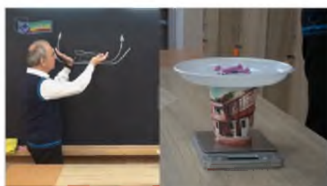
04 Дрон на весах (7-8 кл)

В рамках проекта доступны программы обучения по классам со списком тем и оптимальными сроками их прохождения для подготовки к различным этапам всероссийской олимпиады школьников по физике. На портале проекта представлены видеосеминары с разбором теории и примерами решения задач, методические материалы и даже видео, содержащие решение задач экспериментального тура олимпиады.
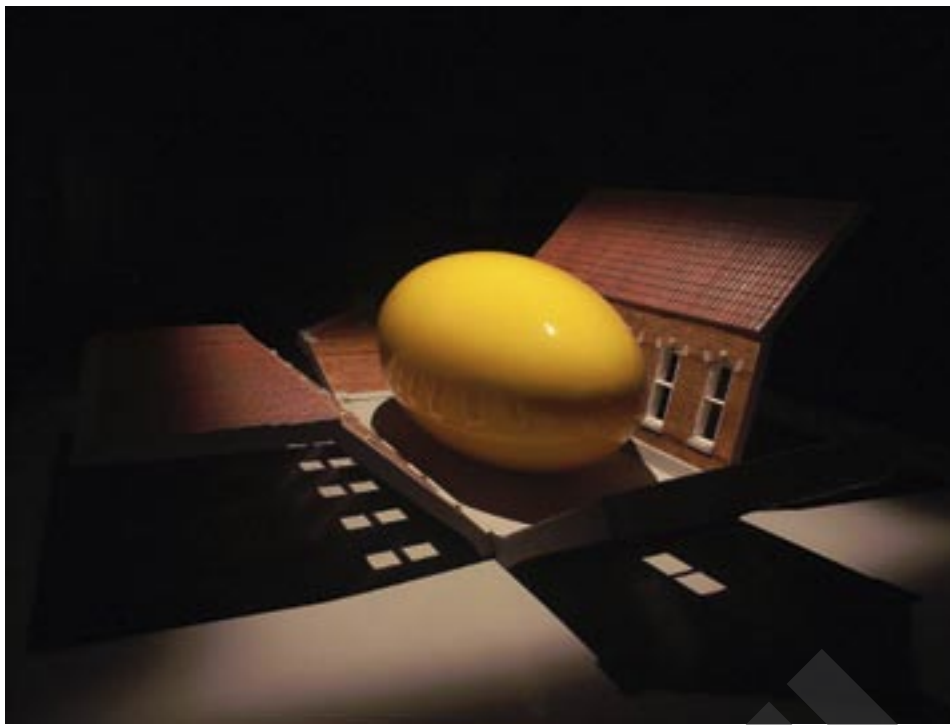
SIUTOBS 2006 BRICKS, CONCRETE, WOOD, IRON, POLYURETHANE AND POLYESTER 55 CM X 192 CM X 135 CM © NICK ERVINCK
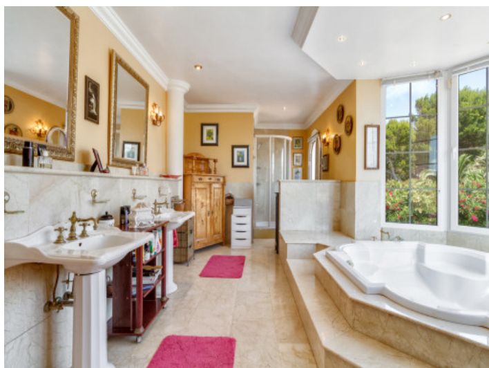
The bathroom is flooded with daylight
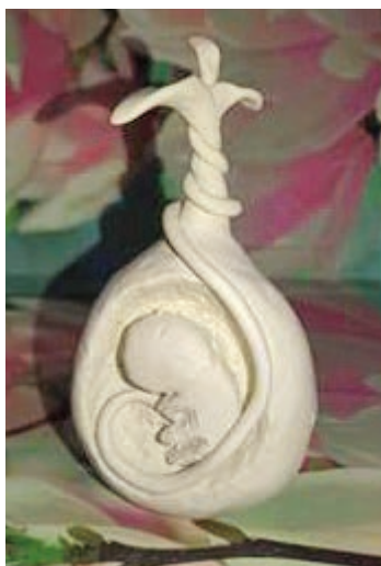
4. ábra: A Művészet szerepe a személyiségfejlesztésben kurzuson készített plasztika

4. Plasztika, modellezés: Lényegében egy már megmunkált anyagot jelent, amikor az alaktalanból alakítunk ki valamit, ami lehet szobor is (4. ábra). A plaszticitás jelentése a formálhatóság. Plasztika és szobor is nagyon sokféle anyagból formázható: fából, gipszből, kőből, fémből, viaszból, agyagból stb.
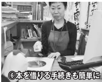
⑥本を借りる手続きも簡単に

▲図書室では調べもののお手伝いもしてくれるんだって。家庭菜園を始めるための資料を探したいと言ったら、色々なジャンルから関係のある本を集めてきてくれたよ！自分で探すと大変・・・
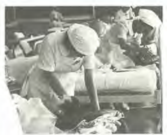
実習中の看護学生

平成12年度看護学生(看護科三年課程)を募集 願書受付期間平成12年1月11日(火)～14日(金)、午前9時～正午と午後1時～5時 試験日1月29日(土)(二次試験) 受験資格大学受験の資格がある人 募集人数四十人 ※入学案内(有料)配布中 1市立病院附属看護専門学校 ☎337・4444
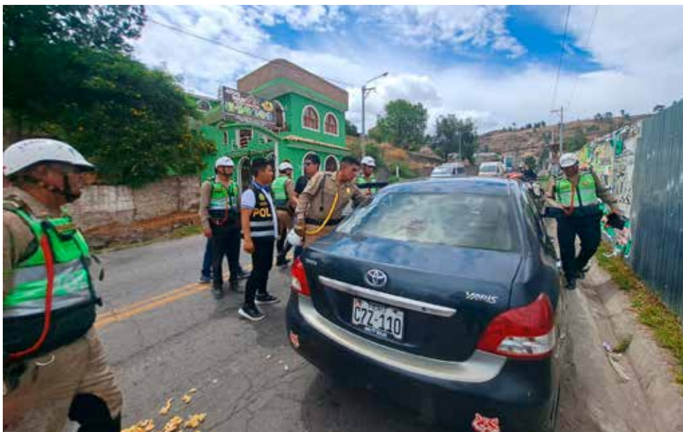
Durante operativo antidrogas en la vía Libertadores.

* **EXERCISE AIM**: Pull each line holding "ábra" out of the listing.

* **WRITTEN SOLUTION**:
4. ábra: A Művészet szerepe a személyiségfejlesztésben kurzuson készített plasztika
4. Plasztika, modellezés: Lényegében egy már megmunkált anyagot jelent, amikor az alaktalanból alakítunk ki valamit, ami lehet szobor is (4. ábra). A plaszticitás jelentése a formálhatóság. Plasztika és szobor is nagyon sokféle anyagból formázható: fából, gipszből, kőből, fémből, viaszból, agyagból stb.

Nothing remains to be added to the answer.